Our politicians have had no interest in making other laws to govern humane treatment of convicts

 Posted On Friday, January 24, 2014 at 08:15:38 AM

 

The power to take away human life enjoins an
obligation to do it with grace 

It is a sudden blast of oxygen. The Supreme Court has passed a well-articulated and cogent order to save fifteen pathetic lives from the hangman’s noose. The methodically-documented record extracted in the judgement demonstrates the abject apathy of government towards convicts on death row. Going by past experience, large sections of the media may air populist, shrill and typically- uninformed voices of critique.

Acts of mercy toward death convicts are always controversial. When former President Pratibha Patil granted pardon to some death row convicts, sections of the media derided her with headlines like “President Pratibha Patil, the Merciful”, “Who Has She Pardoned?”, “President Pratibha Patil goes on Mercy Overdrive”, and the like. Therefore, the progressive ruling of the Supreme Court that gives India room to stake claims of being sensitive and humane deserves robust defence.

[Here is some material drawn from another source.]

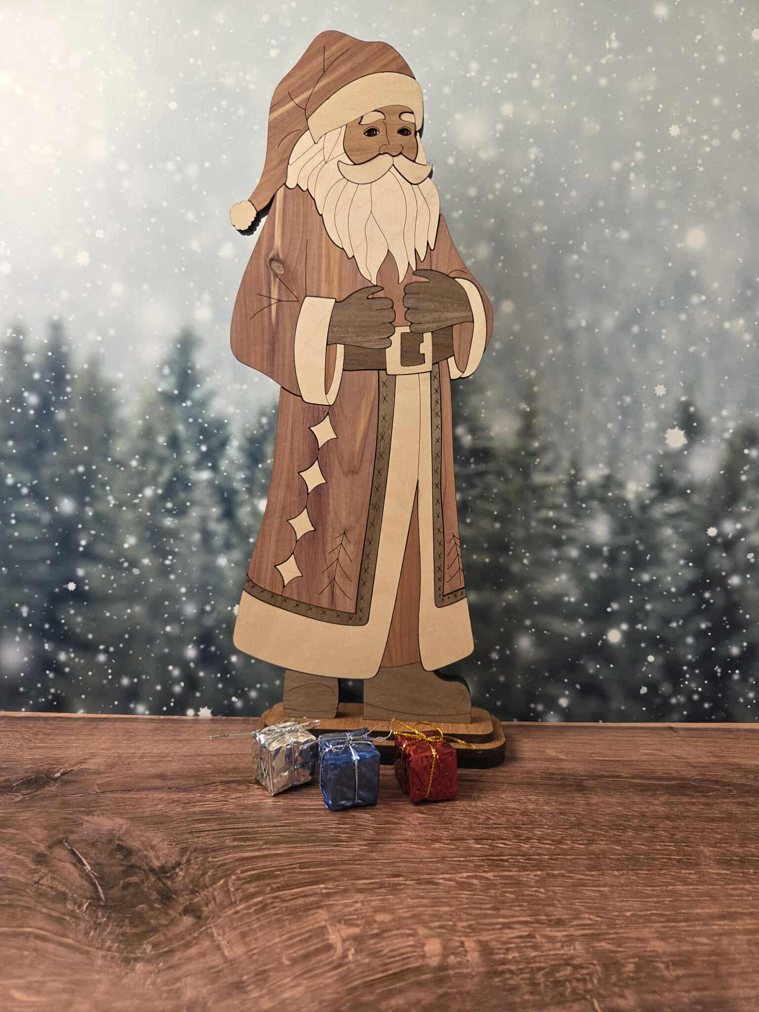 Design: Classic Santa Claus with intricate detailing and natural wood tones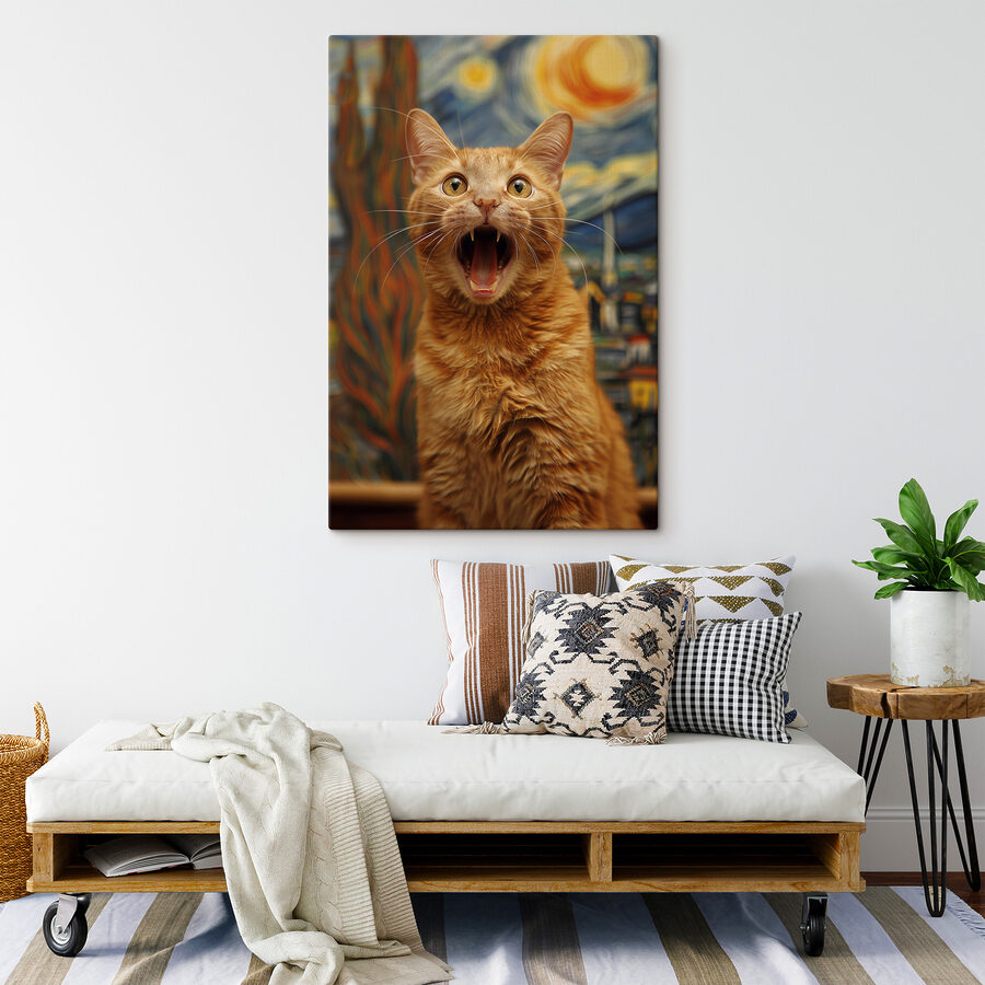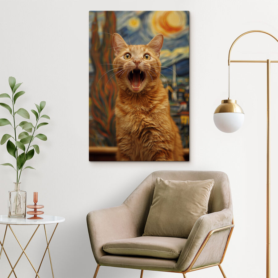 Het is alsof de kat denkt, “Wat gebeurt hier in vredesnaam?”. En eerlijk gezegd, is dat niet een vraag die we allemaal wel eens hebben? Stel je voor dat deze print een heleboel gesprekken losmaakt of gewoon een glimlach op je gezicht tovert na een lange dag. De kleuren zijn levendig en de combinatie van de hedendaagse kat met een vleugje kunst zorgt voor een charmant en onvergetelijk kunstwerk. Plaats het op een plek die wel wat eigenzinnigheid kan gebruiken – je gasten, zowel mensen als katachtigen, zullen verrukt zijn!

First, a line on the scope of the relevant law: Articles 72 and 161 of the Indian Constitution empower the President of India and the Governors of Indian States to pardon from punishment, or to suspend, remit or commute any death sentence. Indeed, this power is an extraordinary executive power vested in the head of state. However, successive governments in our young Republic have resisted introduction of transparent clarity on how such discretion is to be exercised.

Governments have historically convinced courts that no guidelines should be laid down, that no timeframe should be set for decisions on mercy petitions, and, that absolute arbitrary and whimsical exercise of such discretion is perfectly legitimate. Disagreeing, the court has pointed out that the right question to ask is whether “supervening circumstances” have come into being. These include delay in processing the mercy petition, violation of procedure for handling the petition, and insanity of the convict.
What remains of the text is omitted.